In one more modality of said method, it is when the germination of seeds of plants of the Poaceae family is stimulated; being a preferred modality when the germination of seeds of plants of the genus Zea is stimulated; being a more preferred modality when the germination of seeds of plants of the species Zea mays L.

EXAMPLES

The following examples are only intended to illustrate the conception of the present invention and some of its preferred embodiments, which should not be considered as limiting the scope of the invention.

Example 1. Isolation of endophytic bacterial strains from maize plants (Zea mays L.).

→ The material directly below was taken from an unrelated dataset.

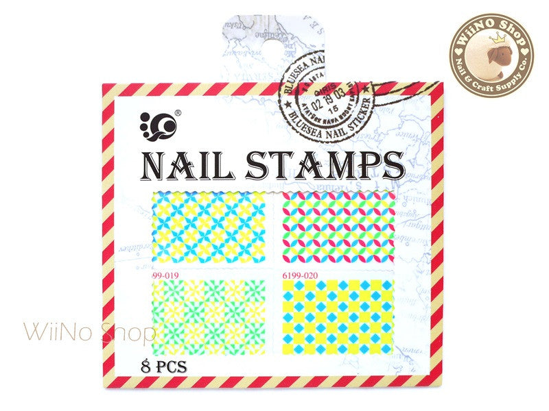Neon Pattern Stamp Water Slide Nail Art Decals - 1pc (BLS05)
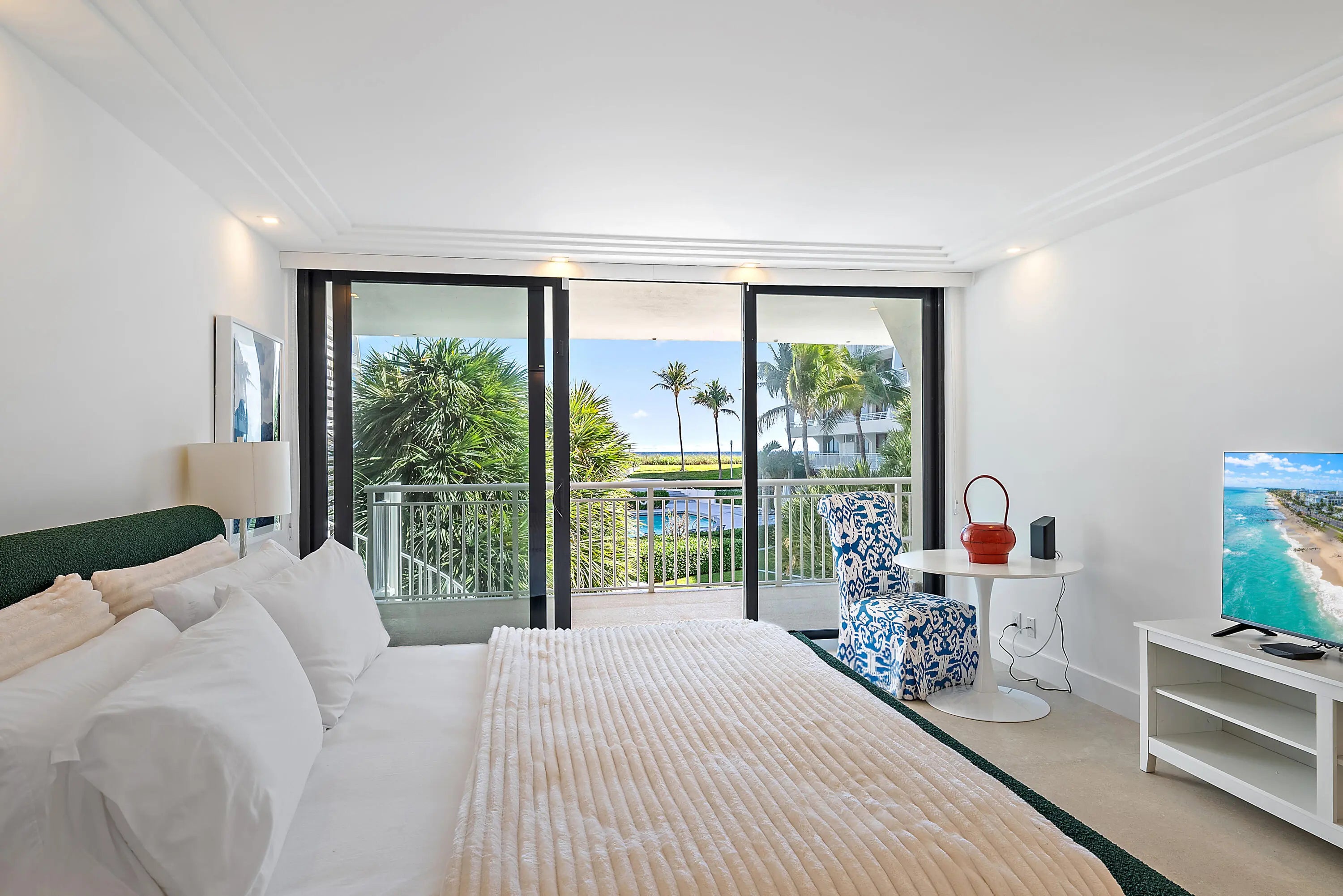 Impeccable, fully renovated 2 bedroom, 2 bath residence in the coveted, newly renovated oceanfront 2600 Building with no pending assessments. This beautifully appointed home offers stunning direct ocean views from a private patio with two spiral staircases leading to the spectacular pool area. The spacious split bedroom layout provides comfort and privacy. The sleek kitchen features custom white cabinetry, marble countertops and backsplash, integrated appliances, and a generous peninsula ideal for casual dining and entertaining. Enjoy top tier amenities including a renovated pool deck, state-of-the-art fitness center, Har-Tru tennis courts, and a wide, pristine beach--true Palm Beach oceanfront living.

Complete maize plants (Zea mays L.) with commercial maturity age from V4 to R6, were collected from 2 plots of maize cultivated conventionally with agrochemical products, located in the towns of Santa Elena and San Francisco de Asís, municipality of Atotonilco el Alto, Jalisco, Mexico; and from a plot of corn cultivated with organic products, located in the town of El Refugio, municipality of Tototlán, Jalisco, Mexico.

A random sampling was carried out taking 10 complete maize plants, for each plot, of healthy appearance, trying to damage the root as little as possible. This collection was carried out at different strategic points of the plots, in order to cover the totality of its extensions in order to obtain representative samples.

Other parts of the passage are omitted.